= La Garganta (finca) =

Finca in Ciudad Real, Castile-La Mancha, Spain

La Garganta (Spanish for "the throat", or "gully") is a private estate, or finca, of around 15,000 ha in extent, located in the rugged Sierra Morena, in rural Ciudad Real Province, in the region of Castile-La Mancha, Spain. It extends over lands belonging administratively to the municipalities of Almodovar del Campo and Brazatortas between the town of Conquista and the hamlet of Minas del Horcajo. Around 2003 it was bought on lease and renovated by Gerald Grosvenor, 6th Duke of Westminster. Prior to Grosvenor's acquisition, the estate was property of the Duke of Bavaria.

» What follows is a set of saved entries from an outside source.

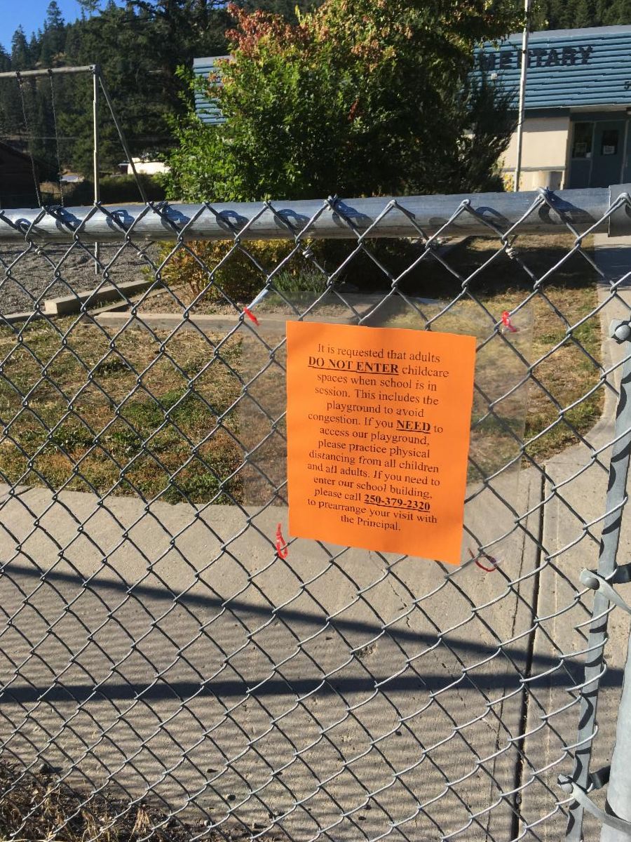 At this time, parents are asked to remain outside of child care spaces, including our playground. Signs, like that pictured, are at all entrances to our playgrounds. At drop off and pick up time, please ensure that you remain behind the fence and physically distance from others. If you feel you must enter (eg. late drop off or early pick up), please ensure you are physically distancing from all children (other than your own) and adults. If you would like to enter the building, please pre-arrange your visit with the Principal. 250-379-2320. Many thanks for your cooperation with this.
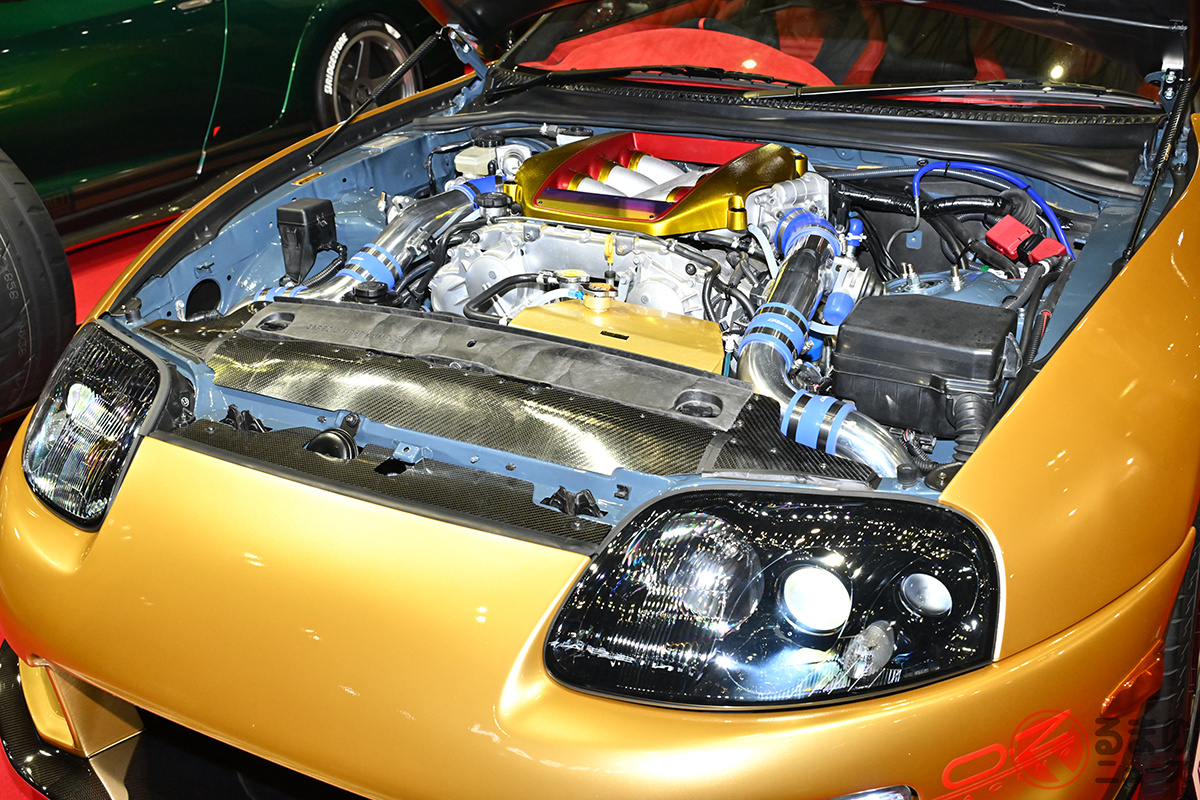 トヨタ「GT-Rエンジン搭載“スープラ”」世界初公開! 6速MT&「700馬力のV6ツインターボ」で“最高速”に挑戦! 伝説「ゴールドボディ」輝くトップシークレットのフラッグシップマシン「VR-Supra」 TASで披露
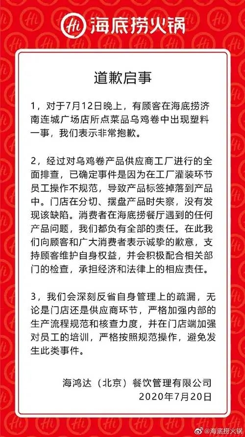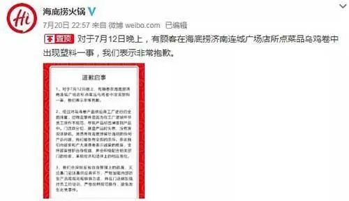 7月20日晚,@海底捞火锅发布微博称,对顾客消费时遇到的情况表示非常抱歉,有问题食品系供应商工厂灌装环节员工操作不规范,导致产品标签掉落到产品中。
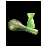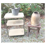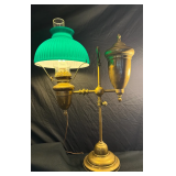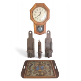 Featured lots: (2) 1952 Signed, Dated & Stenciled Toleware Trays; Rare Find Antique Tear Bottle; Rare Find Loetz Green Glass Vase w/ Alvin Sterling Silver Overlay; 14K Gold Ring with Blue Gemstone; 5g Fine Gold Bar; Brass and Glass Student Electric Lamp; Corner Hutch Cabinet; Drop Leaf Tea Cart with Serving Tray; Early 1900s Oak Barrister Bookcase Cabinet; Rare Find - Vintage '40s Enamel Table w/ Slide Out Leaves; Stained Glass Shade Table Lamp 1 of 2; Vintage Wooden Tea Cart w/ Spoked Wheels, Drop Leaves, and Lower Shelf; and more!

La Garganta is the largest privately owned hunting estate in Europe, and occupies a surface area larger than the entire city of Barcelona.

==History==
The property was formerly owned by the British mining company Rio Tinto, which mined the hills for a variety of minerals. Since the early 20th century it was converted to a hunting ground by a consortium of European landowners. They managed it through the company Villamagna SA, before the mostly aristocratic German owners started leasing it to Gerald Grosvenor.

==Infrastructure==
In 2007 it was reported that the private accommodation consists of six large villas, some in the process of renovation, besides accommodation for nearly 100 staff. A converted railway station allows for rail access, while the headquarters is supplied with its own petrol station to service a fleet of over 20 jeeps. Economic activity includes production of olives, cereal and cork.

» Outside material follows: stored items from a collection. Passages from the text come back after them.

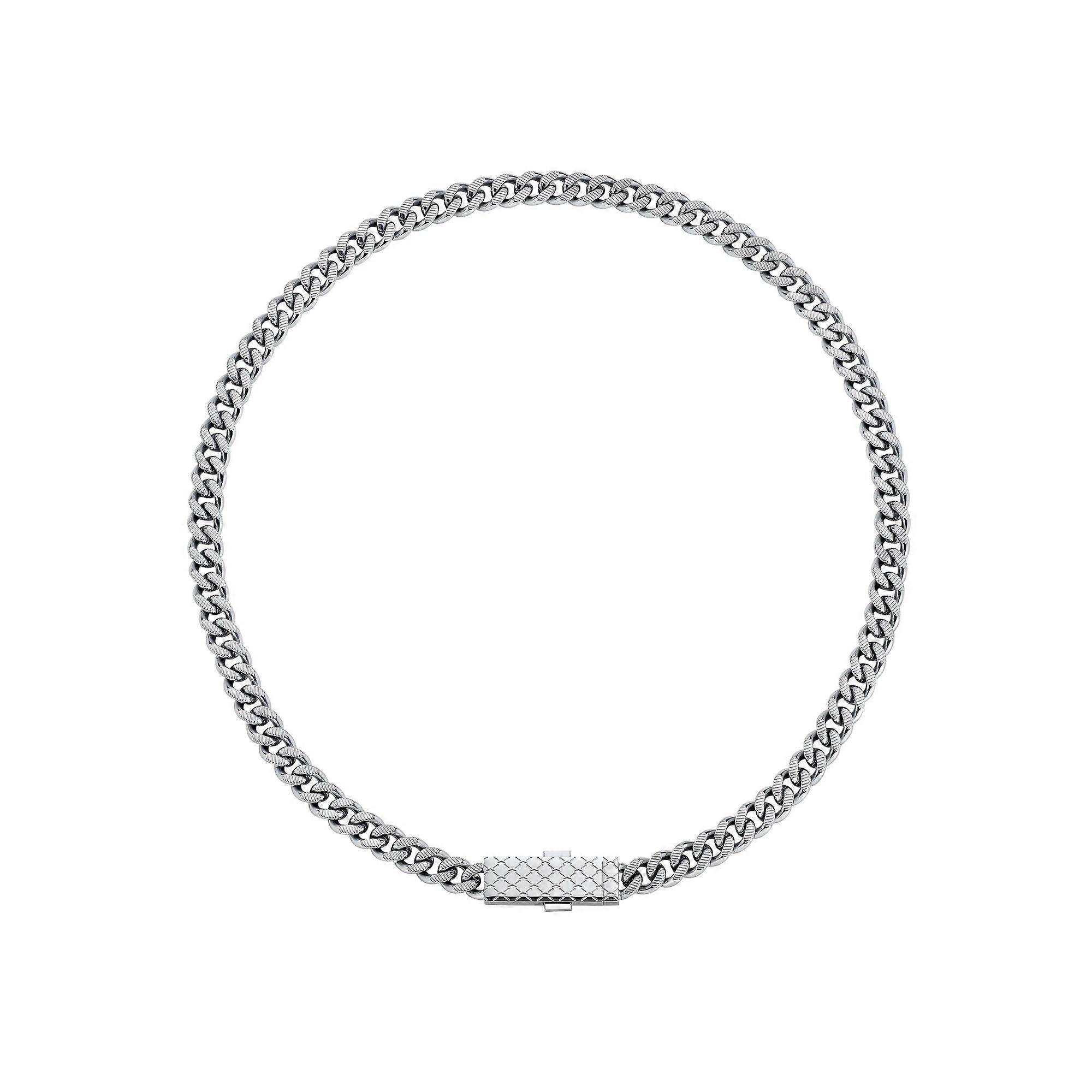 Hersteller:ASTON MARTIN ModellNr :MJIUF5NU0 - Collection AML ICON Material:Herren Halskette aus Edelstahl,Farbe: silber Maße:Länge: ca. 50 cmPlakette / Verschluss Länge / Breite ca. 2,5 cm x 1,0 cm,Breite Kette: ca. 0,7 cm,Verschluss:Kastenverschluss LieferumfangAuslieferung in ASTON MARTIN Box Info:Maskulin, raffiniert und unverkennbar Aston Martin. Diese Gourmette-Halskette besticht durch präzise Rändeldetails auf der geformten Oberfläche, die an die haptische Haptik von Hochleistungs-Bedienelementen erinnern. Der maßgefertigte Kastenverschluss ist mit dem erweiterten Aston Martin-Logo graviert, während die Rückseite das ikonische Muster der Marke zeigt, das mit Absicht und mechanischer Kunstfertigkeit eingraviert wurde.
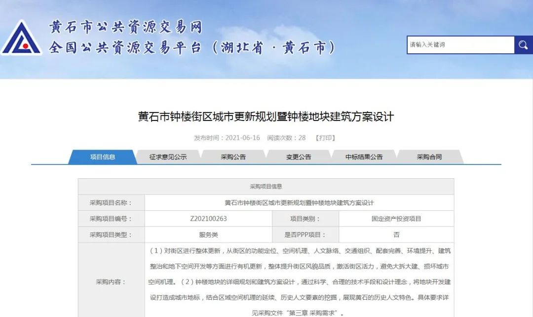 根据市政府工作安排,钟楼地块已纳入城市重点更新改造任务,为更好地指导钟楼地块的开发建设,补齐城市功能短板,激活钟楼街区,提升城市形象和塑造城市特色,黄石港区人民政府组织开展《黄石市钟楼街区城市更新规划暨钟楼地块建筑方案设计》招标工作。
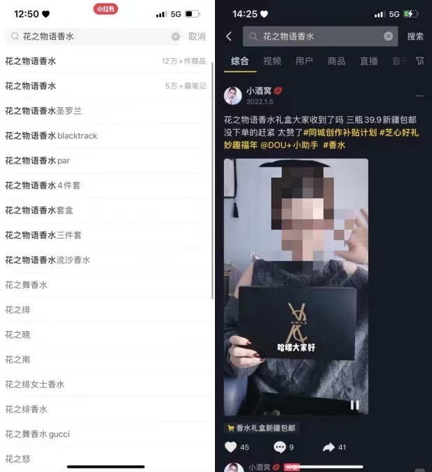 青眼在小红书上以“花之物语香水”为关键词检索,共关联5万+篇笔记,12万+件商品;此外,在抖音平台上,也有多个账号推广花之物语香水产品。

Strict security was reported, while all but one of the former public entrance roads have been closed. This recent move towards higher exclusivity and privacy proved controversial with some members of the public and local environmentalists.

==Wildlife==
The hilly and extensively forested property, has a perimeter of about 40 miles and ranges from 585 to 1,266 meters in altitude. Its wildlife is described as diverse by European standards. Despite low and erratic rainfall, significant woodlands occur, which include cork oak, strawberry trees, poplars and alder, the latter limited to the river valley. These woods are flanked by pine forests in the north and east, besides commercial olives and exotic eucalypts.

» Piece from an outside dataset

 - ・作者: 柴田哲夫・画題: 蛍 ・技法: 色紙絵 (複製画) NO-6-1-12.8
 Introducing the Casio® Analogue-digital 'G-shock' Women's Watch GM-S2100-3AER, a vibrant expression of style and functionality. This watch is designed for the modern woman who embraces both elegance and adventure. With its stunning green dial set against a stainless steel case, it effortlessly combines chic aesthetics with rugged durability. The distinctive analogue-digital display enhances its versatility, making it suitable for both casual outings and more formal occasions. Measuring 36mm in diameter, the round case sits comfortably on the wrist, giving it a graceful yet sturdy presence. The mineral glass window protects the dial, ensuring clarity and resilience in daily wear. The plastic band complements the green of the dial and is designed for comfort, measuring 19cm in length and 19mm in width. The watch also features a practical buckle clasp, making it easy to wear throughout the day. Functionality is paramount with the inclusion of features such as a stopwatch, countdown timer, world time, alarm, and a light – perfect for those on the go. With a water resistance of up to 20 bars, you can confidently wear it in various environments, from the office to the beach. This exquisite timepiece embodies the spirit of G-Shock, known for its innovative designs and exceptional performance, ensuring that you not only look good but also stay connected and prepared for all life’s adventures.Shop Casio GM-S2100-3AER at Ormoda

The estate is stocked with boar, Iberian red deer, Iberian ibex, mouflons, fallow deer and partridge, for hunting. The numbers of smaller species like partridge, hares and rabbits are encouraged for the sake of raptors. Rare wildlife like the Iberian lynx, black stork and Spanish imperial eagle occur, while black, griffon and Egyptian vultures, and the golden eagle are resident species. The estate manager as of 2007 was José María Tercero. Prior to the 1990s, the Iberian wolf was also a species of the estate.